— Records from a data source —
<<<<
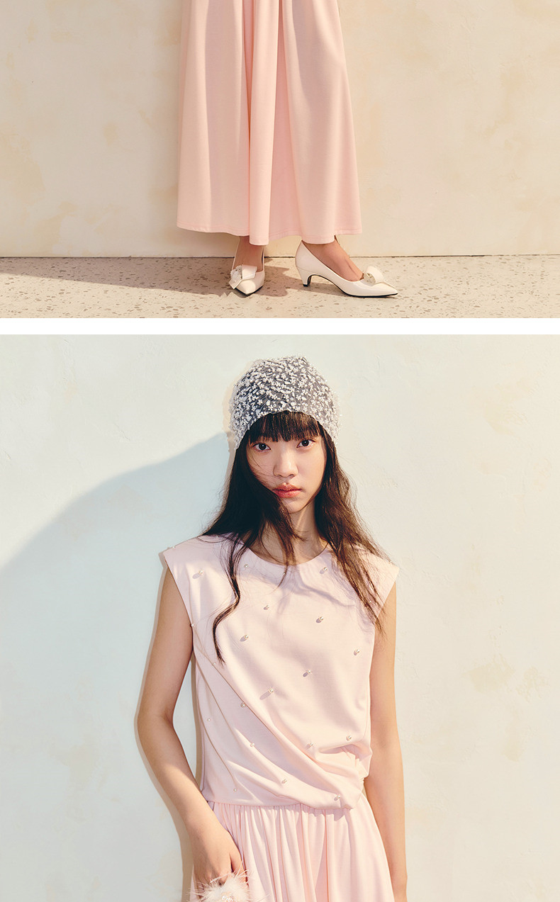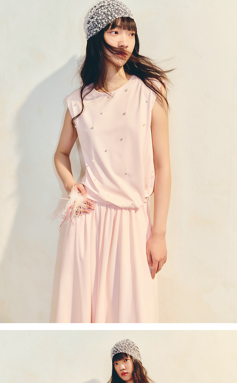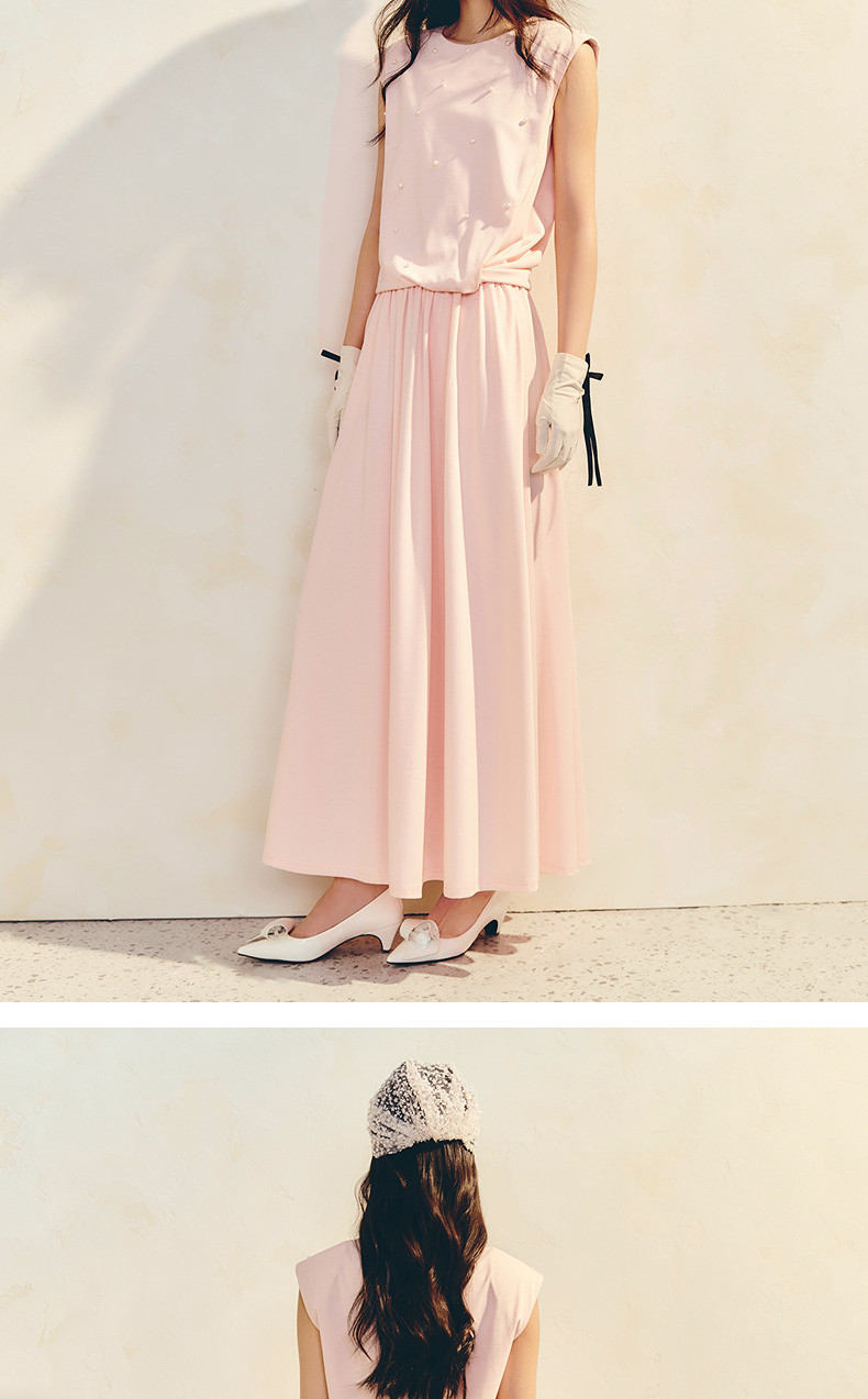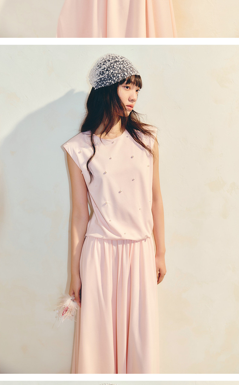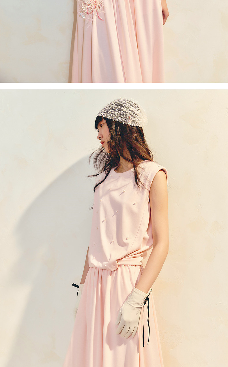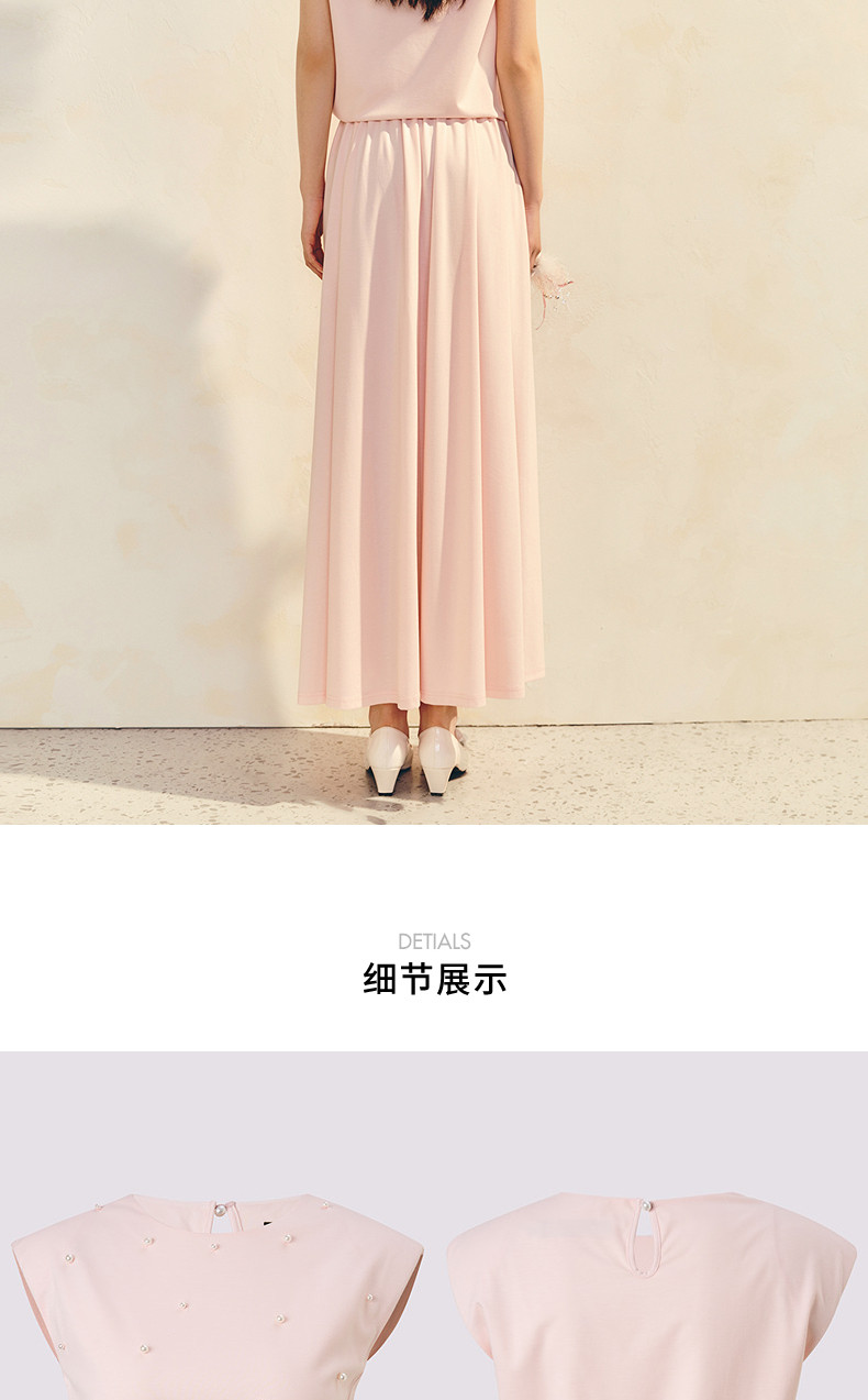 【商场同款】MAXRIENY樱花粉温柔收腰抽褶短袖T恤女无袖修身上衣(货号:MC86TS004)
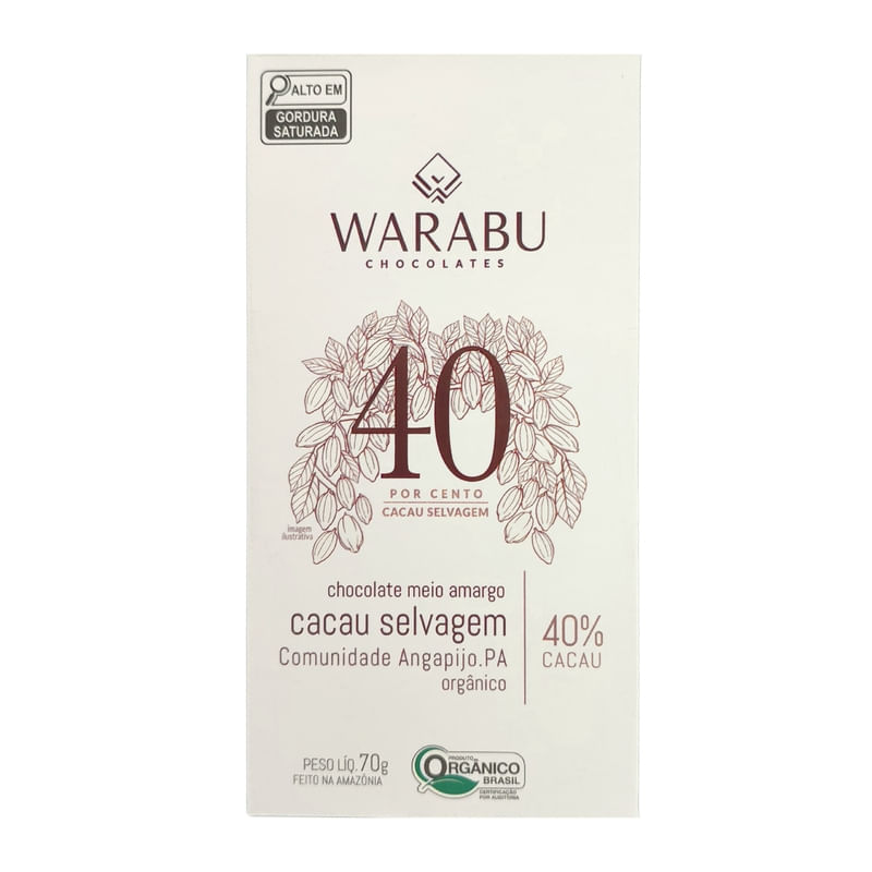 <p>O <strong>chocolate Wabaru 40% cacau</strong> é desenvolvido com cacau selvagem da comunidade Angapijo e outros ingredientes naturais selecionados, orgânicos, livres de glúten e de lactose. Cada mordida proporciona uma explosão de sabores e cremosidade intensa.</p> <h2><strong>Sugestão de consumo:</strong></h2> <p>Super versátil, o chocolate Wabaru pode ser consumido como sobremesa ou fazendo parte de receitas culinárias.</p> <h2><strong>Motivos para escolher o produto:</strong></h2> <ul> <li> <p>Embalagem com 70g;</p> </li> <li> <p>Ingredientes orgânicos;</p> </li> <li> <p>Clean-label;</p> </li> <li> <p>Vegano;</p> </li> <li> <p>Sem OGM (organismos geneticamente modificados);</p> </li> <li> <p>Sem conservantes, adoçantes e aromas artificiais;</p> </li> <li> <p>Livre de glúten, soja e leite;</p> </li> <li> <p>Feito com o método Bean to bar: utiliza poucos ingredientes, resultando em um chocolate mais puro, pouco processado, muito mais saboroso e nutritivo.</p> </li> </ul> <h2><strong>A Marca</strong></h2> <p>A Wabaru foi fundada pelo chef e empresário Jorge Neves no ano de 2018, a marca nasceu com o propósito de resgatar a cultura do cultivo do cacau na Amazônia. Cada chocolate é desenvolvido com cacau selvagem orgânico, de espécie nativa, situada na bacia Amazônica, garantindo um chocolate rico em sabor, responsabilidade e compromisso com a natureza e as pessoas que nela vivem.</p>
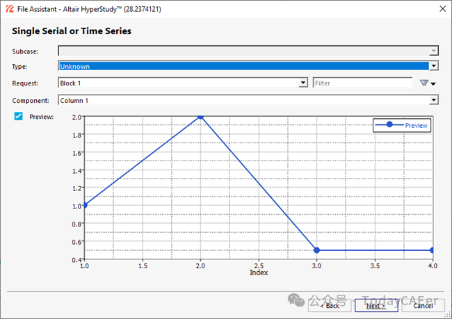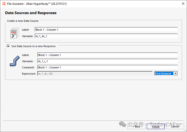 1.转到Define Output Responses步骤。a)从目录中,将位于approaches/setup_1-def/run__00001/m_1 中的.res文件拖放到工作区中。b)在File Assistant对话框中,将Reading技术设置为Altair® HyperWorks®,然后单击Next。c)选择Single Item in a Time Series,然后单击Next。e)Optional:输入数据源和输出响应的标签。Note:因为这个数据源中只有一个值,所以[0]输入到m_1_ds_1 之后,从而选择数据源中的第一个(也是唯一一个)条目。 Output response 1 将添加到工作区。4.在Response 2 的Expression字段中,通过在m_1_ds_2后将[0] 更改为[1]来选择第二个值。继续进行所需的研究类型:DOE、Optimization、of Stochastic研究。
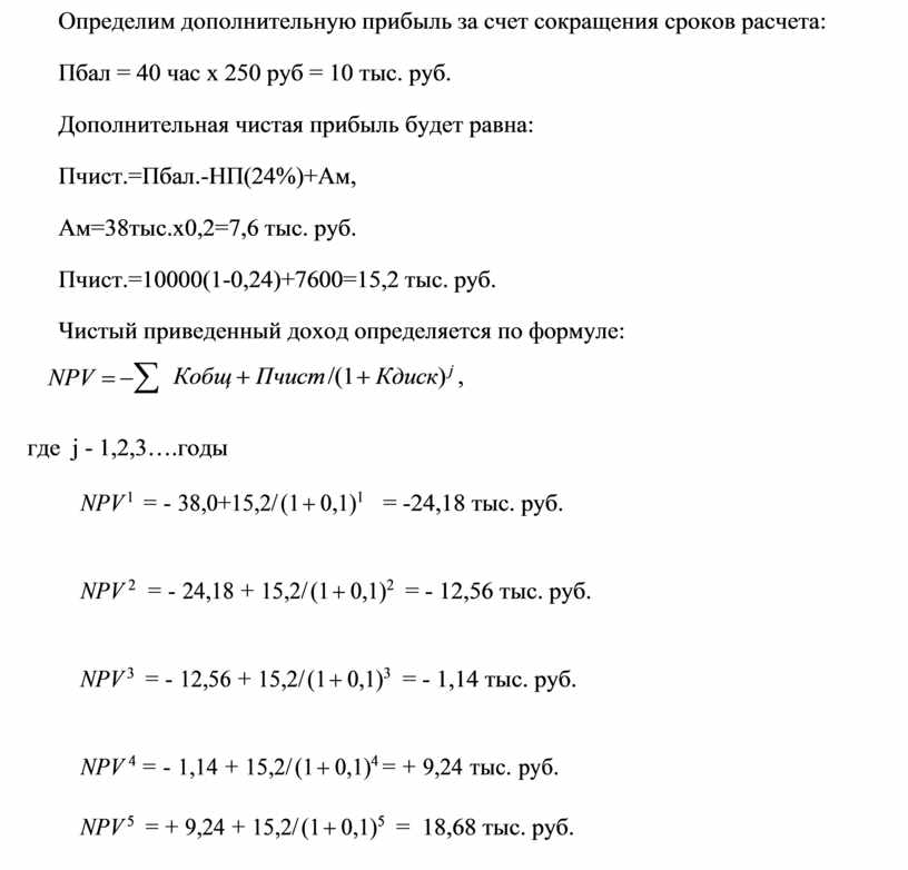 Определим дополнительную прибыль за счет сокращения сроков расчета: Пбал = 40 час х 250 руб = 10 тыс. руб.
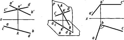 Если прямые пересекаются, то их одноименные проекции пересекаются между собой, а проекции точек пересечения лежат на одной линии связи.
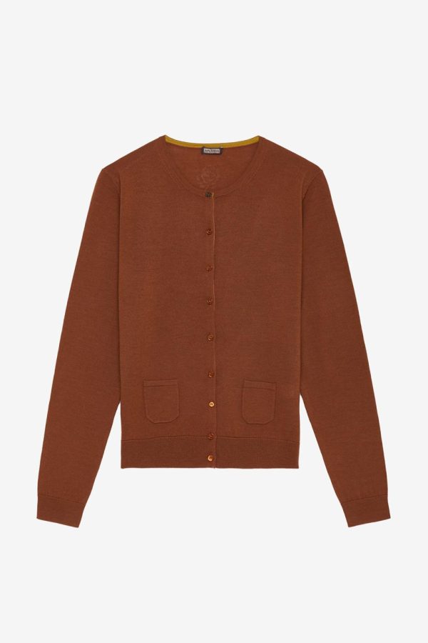 Round-neck short cardigan in pure merino wool, matching gros-grain on the inside edging, special button on top with the Malìparmi rose printed on the back.
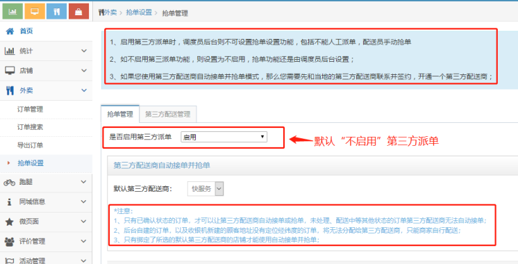 并且在下方给出对应的提示语“当模式为第三方配送商抢单,调度员后台不能设置”
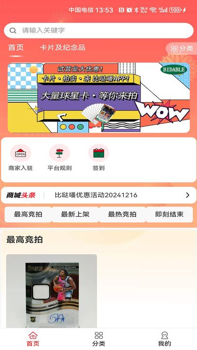 支持手机端使用,方便随时随地参与拍卖活动,利用碎片化时间浏览商品、参与交易。APP还支持消息推送提醒,不错过任何重要的拍卖动态。提供一口价、议价、竞拍三种交易方式,满足不同用户的交易需求,灵活选择购买方式。每种交易方式都配有详细说明和操作指南,确保交易过程顺畅。通过关键字搜索商品,还能根据分类筛选商品,精准定位目标商品,快速找到心仪的卡片及纪念品。高级筛选功能支持按品相、年代、稀有度等多条件筛选。
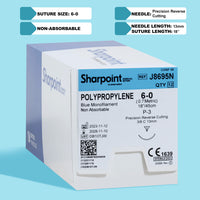 • A box and suture packet of Sharpoint 6-0 blue polypropylene suture (J8695N), featuring a P-3 precision reverse cutting needle for exact suturing. This non-absorbable monofilament suture is designed for high-precision surgical procedures, offering lasting support and minimal tissue reaction. It's showcased as a key tool for professionals in specialized surgeries, emphasizing its quality and reliability
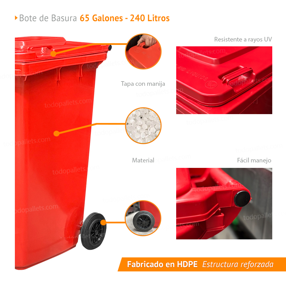 Bote de Basura 240 Lts. / 65 Galones color Rojo
>>>>
— Task —
Using the entries above, transcribe exactly from the line that has "Определим дополнительную прибыль" through the line that has "Если прямые пересекаются, то". Pictures are dropped.

— Reply to the exercise —
 Определим дополнительную прибыль за счет сокращения сроков расчета: Пбал = 40 час х 250 руб = 10 тыс. руб.
 Если прямые пересекаются, то их одноименные проекции пересекаются между собой, а проекции точек пересечения лежат на одной линии связи.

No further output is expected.